Meeting addresses wireless calls to 911 centers
Officials representing answering points in the county met to learn about planning for the service.
By ED RUNYAN
VINDICATOR TRUMBULL STAFF
WARREN -- A sense of dread fell over a dispatcher with the Warren post of the Ohio State Highway Patrol a few months ago, as he listened to a woman cry and scream in her home.
He was powerless to help the woman even though someone else in the Warren Township house had called 911. After about 15 minutes of listening, the dispatcher heard a gun blast and the woman was dead of a self-inflicted wound.

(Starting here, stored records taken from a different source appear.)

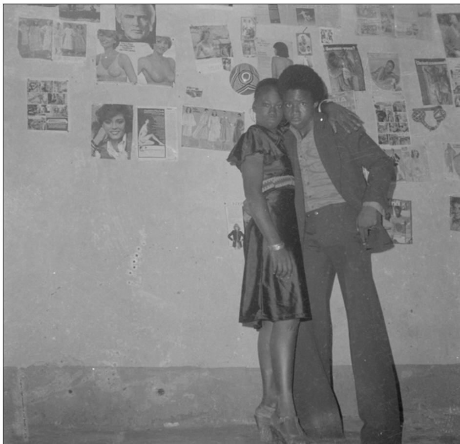
Figure 20. Sory Sanlé, « Les amoureux timides », Burkina Faso, 1975

Nombre de photographes exerçant dans des pays limitrophes du Ghana traduisent son influence dans leurs portraits, tels Sory Sanlé (1943-) au Burkina Faso qui fait poser vers 1975 deux amoureux en tenues de soirée devant un assemblage de pages découpées dans des magazines de mode et collées sur les murs de son studio (fig. 20). Si les magazines noirs et la culture visuelle africaine-américaine se sont frayé un chemin dans les pratiques de photographes ghanéens comme Barnor, force est de constater à travers les choix d'images de Sory Sanlé que les modèles genrés blancs continuent d'être une référence incontournable au même moment ailleurs en Afrique de l'Ouest.
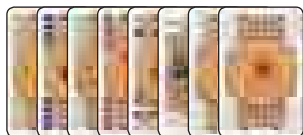
8 каждого из 5 цветов
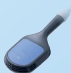
Aplikator dynamiczny Maksymalna indukcja 2.6 T

„Unikalny aplikator dwupolowy odmienił mój sposób leczenia algodystrofii kolan. Od teraz jedno skoncentrowane działanie zastępuje wiele punktowych aplikacji, co pozwala skrócić czas terapii utrzymując doskonale efekty.”
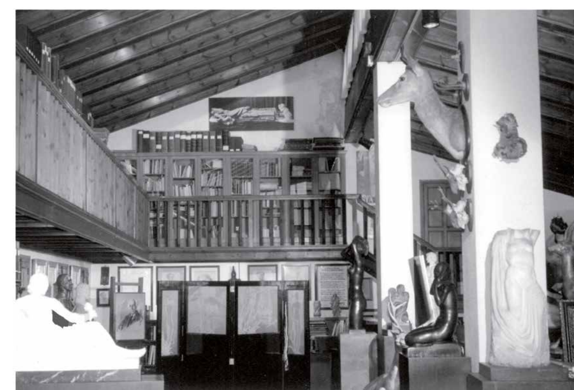
Estudi-biblioteca de Frederic Marès, entre 1998 i 1999. A la dreta, en primer terme, Tors de dona .
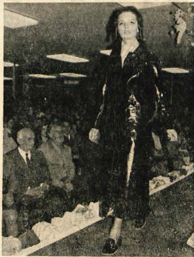
Podjetje Murka je na Jesenicah poznano tudi po modnih revljah. Ogledalo si jih je veliko obiskovalcev. Poleg modnih revlj v novembru (ob prikazu večernih cocktail oblek, usnjene in krznenе konfekcije, modnih pokrival), bo zanimiva tudi modna revija, ki bo v blagovnici na Jesenicah 29. oktobra. Obiskala jo bosta tudi Slovenski par 70 v narodni noši.
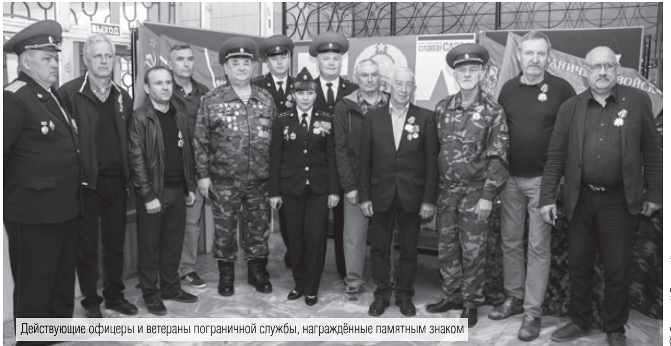
Действующие офицеры и ветераны пограничной службы, награждённые памятным знаком

В преддверии векового юбилея пограничных войск ФСБ России в Магнитогорске проходит череда торжеств

The reason the officer couldn't help was because the call was made from a wirelessular phone. Apparently sometime after the call was made, the phone fell into a couch, where the sound of the woman's despair was transmitted to the OSHP office.
In the future, officers hope they will be able to locate individuals in such situations before it is too late, said Joseph Dragovich, commander of the patrol's Warren post.
On Thursday, he and about 15 officials from other emergency call centers met with Nancy C. Serafino of Sprint to learn about the laws and technology that will eventually improve the ability to trace such wireless phone calls.
Dragovich said the shooting isn't the only tragedy to have occurred in Trumbull County in recent years involving a wireless phone. One other time, such a call about a fire in Weathersfield Township caused responders to go to the wrong location, increasing the amount of damage to the house.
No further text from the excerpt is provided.